A chief characteristic of ESTjs is their quick, affluent logic; from this, it is exceptionally commonplace for ESTjs to think ahead, to determine the thoughts and actions of those around them. In situations where ESTjs find themselves in a place of authority, they may word statements and phrases in such a way by which none could argue with their logic; thus, placing impedance upon others and ordering the environment to their specifications. However, ESTjs may also impress others with expressions of extreme generosity and maintain such an intrinsically clean orderliness about them, that some may consider them official. 

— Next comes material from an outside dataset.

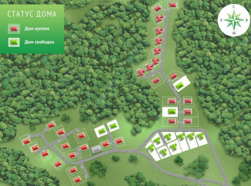 Проект поселка предполагает примерно равное соотношение жилой застройки и парковых зон. Здесь нет заборов в привычном понимании — участки разделены роскошными живыми изгородями.

Loyal and responsible, ESTjs manifest an intrinsic sense of duty. Even when low ranking, most respect and admire hierarchical structures and seek not to challenge established institutions. Despite, ESTjs may also typically demonstrate a strong will and desire to create a means or circumventive measures in order to dominate, and remain competitive throughout. When in doubt, ESTjs remain polite, non-intrusive, and seek not to infuriate the will of their superiors; they know when they have been licked. Even so, they are good workers, and may work for long periods of time with little rest. Self-discipline is definitely an important element in the life of an ESTj.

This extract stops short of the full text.